Summarizing thoughts, and my answer to your question
The citations of the given source do not actually make explicit references to model orders very cleanly, or never at least as cleanly as these papers. But let me summarize my thoughts, because we've clearly seen that opinion is split.
The point is that functions can be extended to make "empty" use of their arguments. For example, consider the function $f(x,y) = x$. This doesn't even make use of the second argument, so calling it a function of two variables is correct but just feels redundant!

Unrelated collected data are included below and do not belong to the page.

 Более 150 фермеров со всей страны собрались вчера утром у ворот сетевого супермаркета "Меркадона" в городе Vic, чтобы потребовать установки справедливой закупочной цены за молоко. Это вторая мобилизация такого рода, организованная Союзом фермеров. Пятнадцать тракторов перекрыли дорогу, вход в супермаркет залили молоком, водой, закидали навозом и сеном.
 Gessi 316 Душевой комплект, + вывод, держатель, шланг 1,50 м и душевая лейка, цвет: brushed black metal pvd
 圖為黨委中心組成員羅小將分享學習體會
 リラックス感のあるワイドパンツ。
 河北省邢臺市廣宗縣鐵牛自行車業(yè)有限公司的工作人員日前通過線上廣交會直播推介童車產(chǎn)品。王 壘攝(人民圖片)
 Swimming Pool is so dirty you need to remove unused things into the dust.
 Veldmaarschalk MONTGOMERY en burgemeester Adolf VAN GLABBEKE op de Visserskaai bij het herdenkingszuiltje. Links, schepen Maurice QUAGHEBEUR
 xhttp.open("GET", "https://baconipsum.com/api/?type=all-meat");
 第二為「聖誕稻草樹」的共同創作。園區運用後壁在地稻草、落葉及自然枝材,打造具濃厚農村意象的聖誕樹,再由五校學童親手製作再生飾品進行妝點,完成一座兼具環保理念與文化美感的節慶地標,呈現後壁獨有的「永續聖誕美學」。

However, that's exactly the point. See, let's look at your model, which is : $$ y(k+1) = f(y(k),y(k-1),...,y(k-s),u(k),u(k-1),...,u(k-t)) $$
Suppose without loss of generality that $s>t$. Then, we can add the variables $u(k-t-1),u(k-t-2),...,u(k-s)$, and let the function $f$ be the same. This is creating fake dependence on $u(k-t-1),u(k-t-2),...,u(k-s)$ : the truth is that like the variable $y$ in $f(x,y) = x$, they are empty and carry no meaning. When we do this, we get : $$ y(k+1) = f(y(k),y(k-1),...,y(k-s),u(k),u(k-1),...,u(k-s)) $$
where it makes far, far more sense to say the order is $s+1$ (which equals $\max\{s+1,t+1\}$). This kind of empty dependence allows us to use the notion of order as ONE number.
Now, when is this kind of reasoning feasible? The answer is obvious : when adding the redundant variables doesn't change the context too much. When it's not too much effort. We usually measure effort in terms of "computational complexity". So, in some sense, if $s$ and $t$ are similar in computational order (note : I'm willing to explain what this means outside the post, but I'm keeping it imprecise inside) then one can augment the function with these additional variables, and say that the order of the given system is $\max\{s+1,t+1\}$.

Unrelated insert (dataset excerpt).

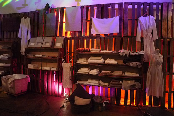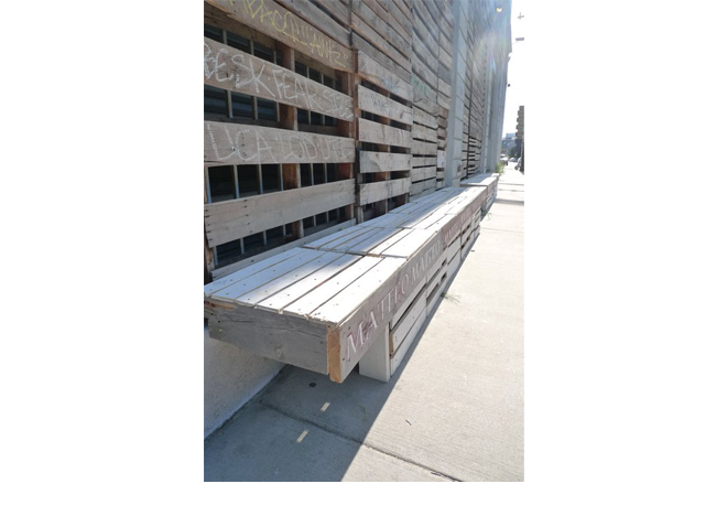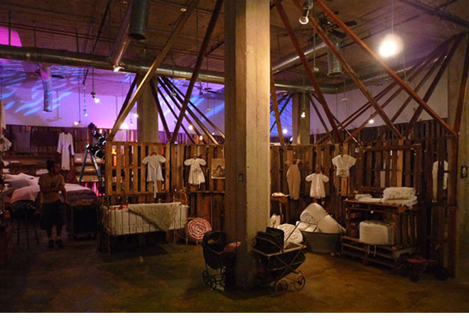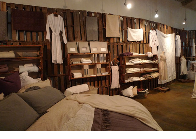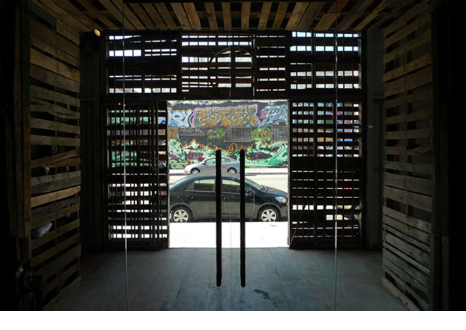A very low budget and large scale installation using predominately found objects make a bold statement for this 2900 square foot showroom in the downtown Arts District of Los Angeles. Shipping pallets collected from the neighborhood were used to create free flowing, organic curving walls and to create separate spaces for the various products sold by the client- while maintaining an entirely green design and recyclable aesthetic.

So when would such an idea fail? Let's say $t = s^2$. Then, calling a model with $s$ time delay and $s^2$ control delay as a model with order $s^2$ is going to look very comical because you are grossly, grossly overestimating the $s$ time delay (by a whole square root : how fast does $s^2$ grow with $s$!). In such a case, it is obvious that you are better off mentioning each parameter in separation, and calling the collective the model order.

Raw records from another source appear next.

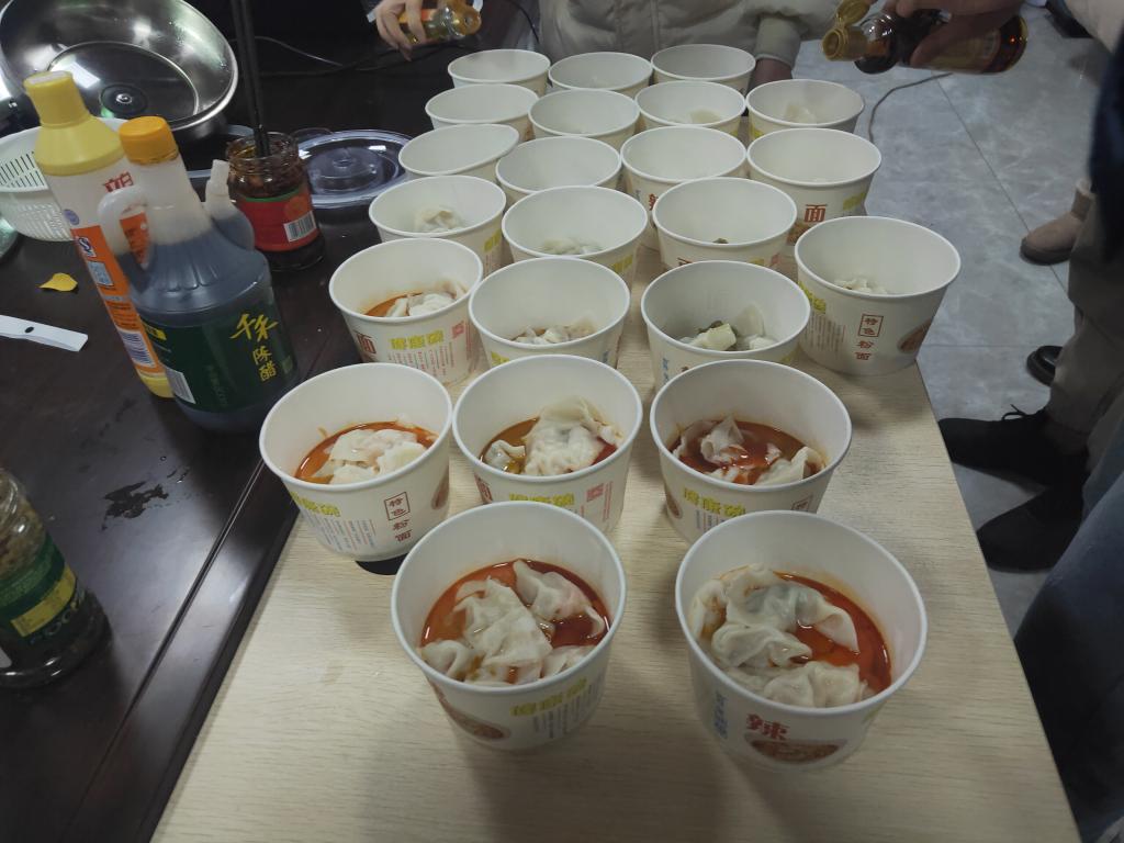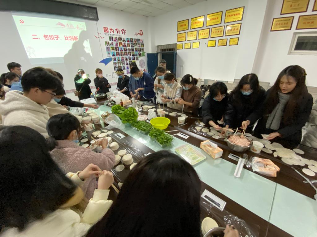 本次活动分为四个部分展开。包饺子,煮饺子,猜灯谜,赠福语。活动前期,工作人员将准备好的饺子皮、肉馅、佐料等其他材料准备好,随后师生一起开始包饺子大赛,最终第三小组夺得头筹;在煮饺子的过程中,开始猜灯谜游戏,大家积极抢答,不胜热闹;煮好饺子以后,为考研学子送上祝福。了解到很多考研学子为努力学习而常常不能吃上一顿热腾腾的饭,今天在这里吃上一顿喷香可口的饺子。赵鹏书记表示,支部举办“研途送暖,圆梦考研”活动目的是想让考研学子在紧张的学习中感受到学院的关怀与集体的温馨,给青春留下美好回忆。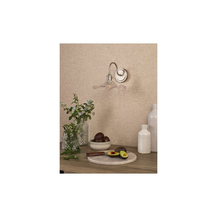 Infuse your home with vintage charm through the Hadano antique chrome wall light from dar lighting. This delightful fixture harmoniously blends classic elegance with contemporary functionality, showcasing a wavy glass shade that emits a warm, inviting glow. The subtle lustre of the antique chrome finish enhances its versatility, making it suitable for both traditional and modern settings. For ease of use, it features a removable pull cord switch, allowing you to customise its operation according to your preference. As part of the extensive Hadano collection, this wall light provides adaptable lighting solutions for any area, whether it’s a snug bedroom or a characterful hallway. Enjoy the rustic appeal of country living while maintaining style and quality.This wall light requires one SES GB bulb with a maximum wattage of 40W (bulb not included). The recommended bulb for optimal performance is the BUL-E14-LED-15.
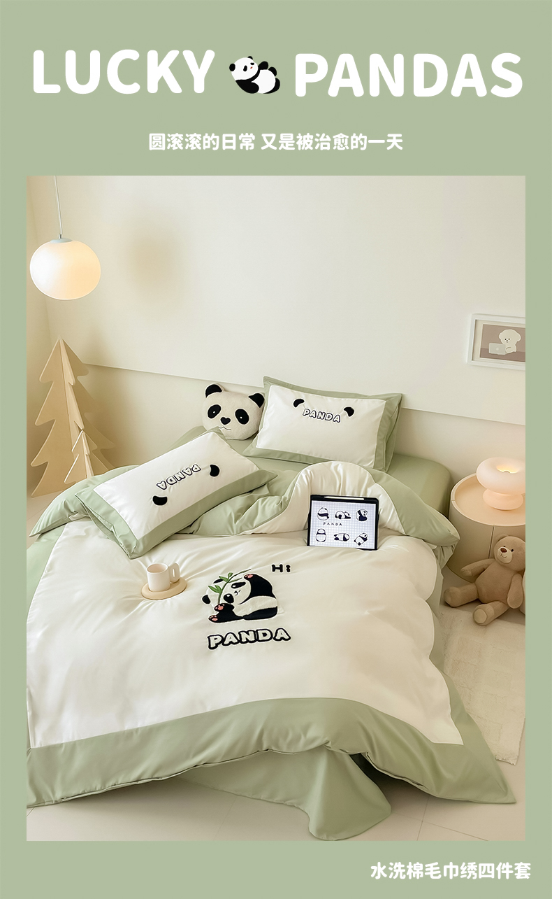 当前位置: 91家纺网 > 商品网购 > 床品套件 > 四件套 > 水洗棉四件套 > 我心家纺 2023新款水洗棉毛巾绣四件套-熊猫系列 嗨熊猫-白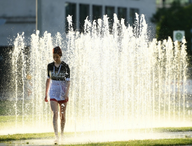 Девушка наслаждается прохладой у фонтана. Брюссель, Бельгия, 24 июня 2019 года. Фото: Reuters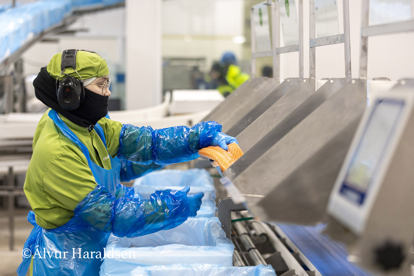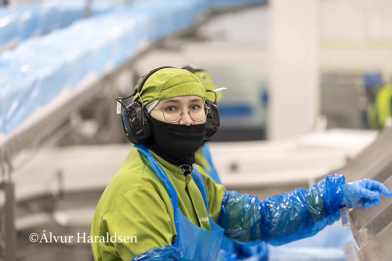 Guðrið Falkvard Joensen hevur arbeitt á laksavirkinum hjá Hiddenfjord í næstan trý ár. Hon arbeiðir við pakking. Laksurin verður býttir upp í stødd, og síðani koyrdur til prentaran. Tá tann sum arbeiðir fast í prenaranum fer í steðg, loysir Guðrið av. Í prentaranum vera eskjurnar vigaðar, og stødd, vekt, og nøgd verður prenta út. Síðani fara eskjurnar til avskiping. Mangla fólk arbeiðir Guðrið eisini í vakum, og onkuntíð sker hon, men allar oftast stendur hon við pakkibandið.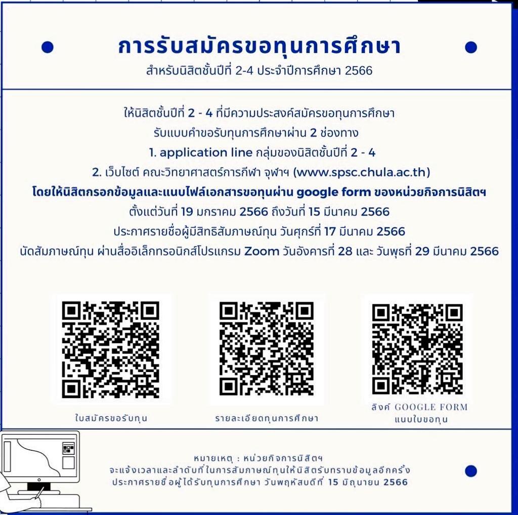 รับสมัครขอทุนการศึกษา ประจำปีการศึกษา 2566 (สำหรับนิสิตคณะวิทยาศาสตร์การกีฬา ระดับปริญญาตรี ชั้นปีที่ 2-4)

Note also, that I have mentioned only one reason that the model orders should not be kept separate. There may be a plethora of reasons as to why they should be kept separate, including the fact that an increase of a single model order could lead to computational blow up of several orders. This is, in fact the case in the papers mentioned. For them, the optimization between several AR schemes of low order suggests that even among small fluctuations of input and output order, computational gaps exist that must be sorted out.
So are you right? Don't worry, you are. But there is another right, and we will acknowledge that as well.